Generative artificial intelligence
Introduction to generative AI
There are two main AI categories: Discriminative AI vs. Generative AI.
Generative AI is a subfield of artificial intelligence that uses generative models to produce text, images, videos, or other forms of data (produce/create data). These models learn the underlying patterns and structures of their training data and use them to produce new data.
Discriminative AI, or traditional AI, focuses on classifying or predicting outcomes based on existing data. It leans patterns to distinguish between different categories or classes rather than generating new data or content.

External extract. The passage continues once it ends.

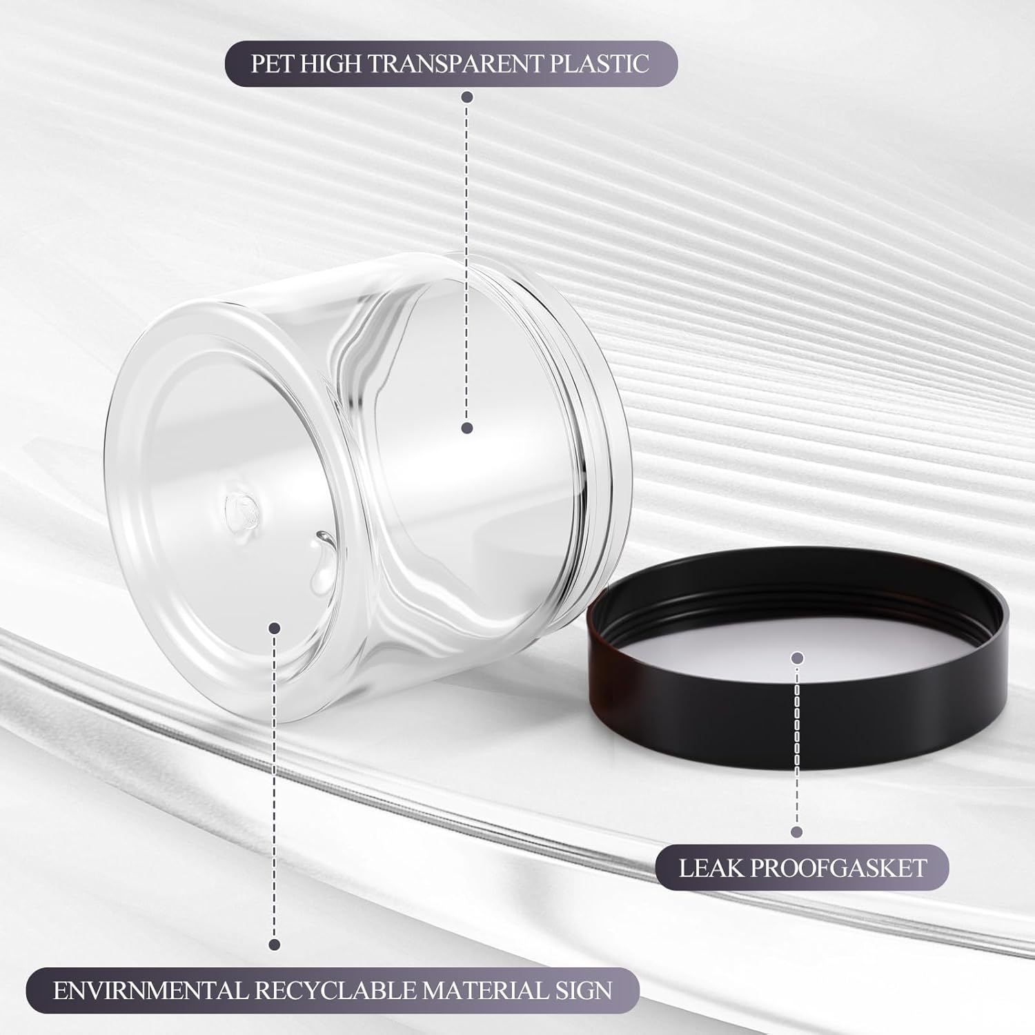 • Quality Material: the plastic jars with lids are made of quality plastic, without odd smell, does not contaminate your skincare products, stable, high temperature resistance, sealed storage and leak proof

Input and output data forms
Input: prompt -> Text, Image, video, and other input forms.
Output: Text, Image, audio, code, video, and other forms of data.

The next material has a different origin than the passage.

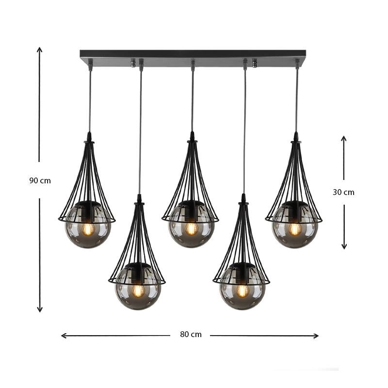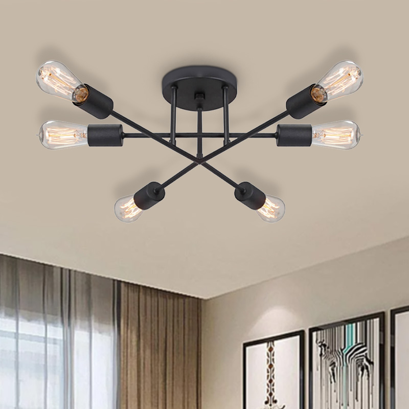 Φωτιστικό οροφής Samba Megapap E27 μεταλλικό εξάφωτο χρώμα μαύρο Ø68×50εκ.

Remember: prompt and output are different concepts.
Building blocks for generative AI
Types:
- Generative adversarial networks (GANs): generate data and discriminate it from true data.
- Variational autoencoders (VAEs): compress and reconstruct data.
- Transformers: capture long-range sequence, global information, and strong ability to understand complex scenes.
- Diffusion models: denoise.
Generative adversarial networks (GANs)
A framework estimates generative models via an adversarial process, in which two models are simultaneously trained: a generative model $G$ that captures the data distribution, and a discriminative model $D$ that estimates the probability that a sample came from the training data rather than $G$. The training procedure for $G$ is to maximise the probability of $D$ making a mistake.
On the one hand, $D$ is trained to maximise the probability ($\log D(\mathbf{x})$) by assigning the correct label to both training examples and samples from $G$. On the other hand, $G$ is trained to minimise $\log (1 - D(G(\mathbf{z})))$.
$$
\min_G \max_D V(D, G) = \mathbb{E}_{\mathbf{x} \sim p_{\text{data}}(\mathbf{x})}[\log D(\mathbf{x})] + \mathbb{E}_{\mathbf{z} \sim p_{\mathbf{z}}(\mathbf{z})}[\log (1 - D(G(\mathbf{z})))]
$$
The equation may not provide sufficient gradient for $G$ to learn well. Early in learning, when $G$ is poor, $D$ can reject samples with high confidence because they differ from the training data. In this case, $\log (1 - D(G(\mathbf{z})))$ fails. Instead, we can train $G$ to maximise $\log D(G(\mathbf{z}))$. Only when both $G$ and $D$ have enough capability is the original equation is appropriate.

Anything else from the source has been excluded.